Thursday, October 18, 2018

Local media gear up for midterm elections

by Joe Siegel

LGBT media have been busy providing coverage for the upcoming midterm elections, which features many contested races at the local, state, and federal levels. As part of coverage, many LGBT candidates are being spotlighted by various publications.

The Washington Blade went a little bit further, publishing a column by Earl Fowlkes, Democratic National Committee LGBTQ Caucus Chair, who urged LGBT Americans to get out and vote for Democrats, especially ones who are LGBT.

DNC's Earl Fowlkes, author of
column in Washington Blade
“There is good reason to be optimistic about the fight for full equality, but today our hard-earned progress faces a serious threat from President Trump and his anti-LGBTQ agenda,” Fowlkes wrote. “Cast a vote for an LGBTQ candidate and our Democratic allies this November so they can continue to fight for our rights. We deserve elected officials who represent the diversity of the American people and have our interests at heart. Electing lesbian, gay, bi and trans folks up and down the ballot is a big step in the right direction.”

San Francisco-based Bay Area Reporter has taken a more subdued approach.

“We are in one of the bluest regions of the bluest state in the country, so locally we have not been covering congressional races much,” explained news editor Cynthia Laird. “I do plan to run a national story right after the election that will look at how the various LGBT candidates did in other states, whether Dems were able to take back the House and Senate.” 

Currently, Laird said, her paper’s election coverage is focused on local races in San Francisco, Oakland, and other parts of the Bay Area.” There are a number of out candidates running for local offices, such as city council and school board, and we have been following them all year, and will have follow-up stories post Nov. 6,” she said.

In South Florida, coverage issues are different. “For the most part we don’t endorse local candidates because our geographical area is just too large to effectively, or efficiently, research all of the various races between West Palm Beach and Key West,” explained Jason Parsley, executive editor of South Florida Gay News. “Sometimes we do endorsements of statewide races like the gubernatorial or senate race. But so far we haven’t endorsed anybody this cycle.”

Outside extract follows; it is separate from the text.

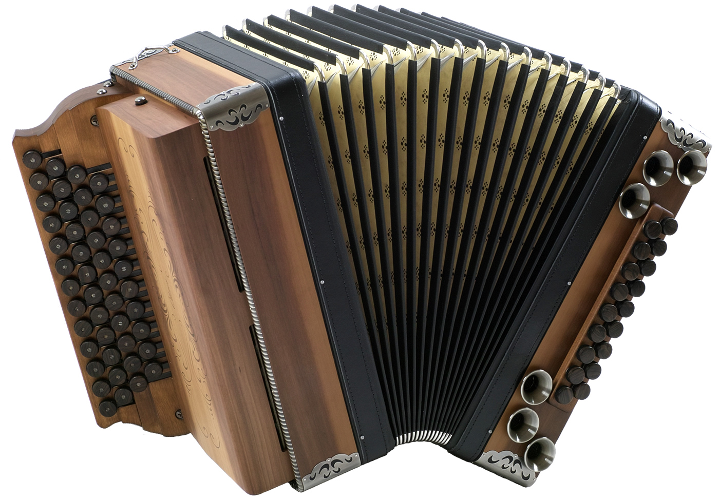 Balgrahmen in Holz, verschiedene Knöpfe aus Horn oder Holz, Beschläge in Altsilber oder Altmessing, sowie weitere Zusatzbässe und Koppelungen. Zusätzliches Holzverdeck in verschiedenen Varianten und Gestaltungsmöglichkieten.

SFGN will be listing the endorsements from the three largest LGBT rights groups in Florida.

“Since we are based in Wilton Manors, one of the gayest cities in the United States, we will do some local coverage of those races,” Parsley noted. “One candidate that stands out here is Lauren Baer, who is running for the House against Brian Mast, the incumbent Republican. She’s openly gay and married, which would be a first if elected. A lot of LGBT activists are excited about her candidacy.”

Dallas Voice has not endorsed any candidates. Managing Editor Tammye Nash said the publication has endorsed only one candidate ever, and that was Hillary Clinton in her 2016 presidential bid.

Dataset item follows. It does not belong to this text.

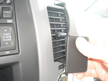 1. Use the enclosed alcohol pad to clean the area where the ProClip is to be installed. Peel off the adhesive tape cover on the ProClip. Place the angled edge on the lower part of the ProClip into the bottom part of the air vent. Press it down into the seam/gap between the air vent and the surrounding panel frame. Note: if the angled edge is hard to get into the gap, pull the panel frame firmly towards to widen the gap slightly and then press the angled edge into the gap.
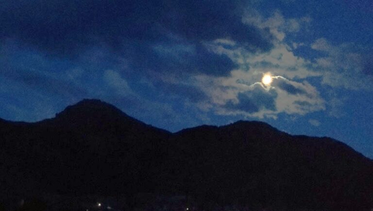 茜色の空をゆく中秋名月 天文アプリ予測の軌道上に

Instead, Dallas Voice has been focusing on LGBT candidates on the ballot in Texas since before the start of the year.

“We actually had two openly LGBT candidates - former Dallas County Sheriff Lupe Valdez and bar owner/businessman Jeffrey Payne - on the ballot for governor in the Democratic Primary,” said Nash. “Lupe won the nomination in a runoff with Andrew White, son of former Democratic Gov. Mark White. And we have openly LGBT candidates on the November ballot at all levels, including several well-known folks in the North Texas community besides Lupe. Lorie Burch is running for Congress.”

Nash said one particular contest is getting a lot of attention, for obvious reasons.

“We are covering the Beto O’Rourke/Ted Cruz race for the U.S. Senate, of course, because that race has such big implications for our community and the whole country,” added Nash. “And we are keeping up with important races, especially with LGBT candidates, around the country. But our main focus has been first on local LGBT candidates and then LGBT candidates around the state.”